→ **Your goal**
Transcribe the listing in full, word for word; pictures do not belong in the copy.

→ **Data excerpt**
[Start of section]
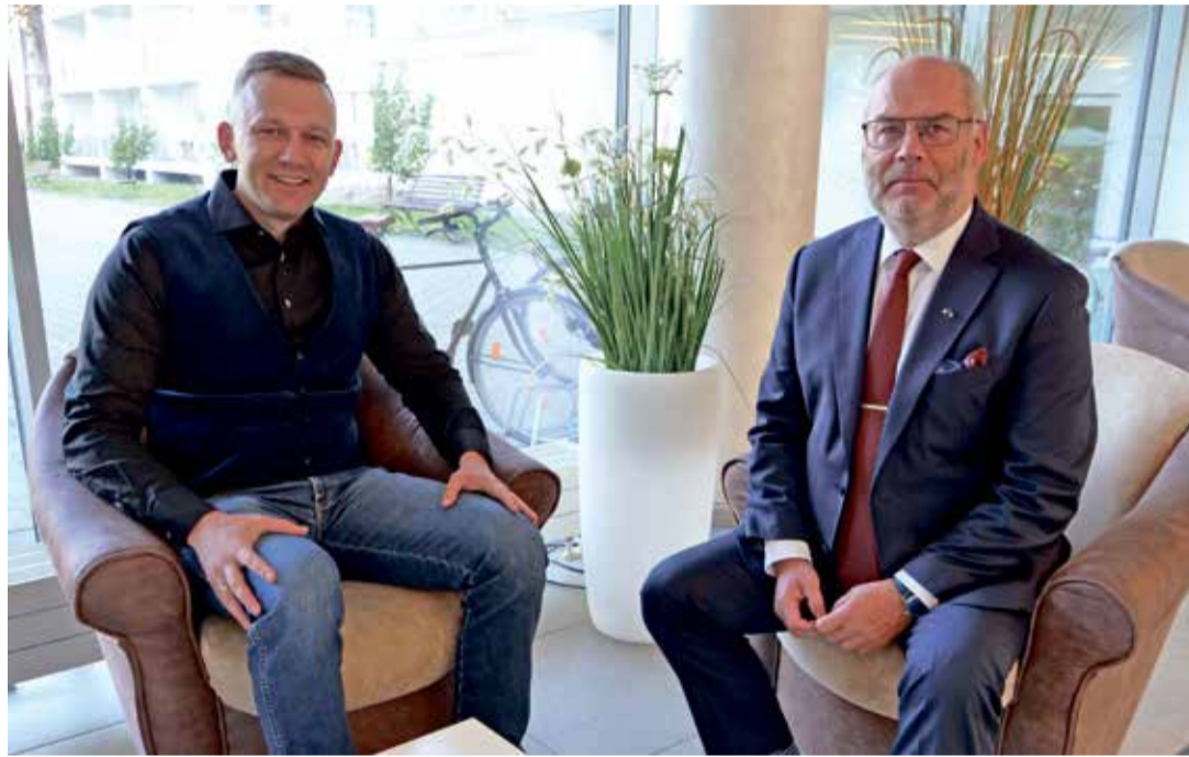
Встреча с президентом за завтраком.

«В ходе встречи также обсуждались темы распределения подоходного налога, установления дохода от туризма и изменения предельного размера земельного налога. Министр согласился с тем, что государство уже сегодня должно серьезно заняться всем этим, чтобы повысить тем самым автономно
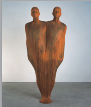
44 Antony Gormley (* 1950) Break/ Spaltung, 2002 Eisen/ Iron 193 x 87 x 32 cm Sammlung Würth, Inv. 9190
[End of section]
→ **Response for this exercise**
Встреча с президентом за завтраком.

«В ходе встречи также обсуждались темы распределения подоходного налога, установления дохода от туризма и изменения предельного размера земельного налога. Министр согласился с тем, что государство уже сегодня должно серьезно заняться всем этим, чтобы повысить тем самым автономно
44 Antony Gormley (* 1950) Break/ Spaltung, 2002 Eisen/ Iron 193 x 87 x 32 cm Sammlung Würth, Inv. 9190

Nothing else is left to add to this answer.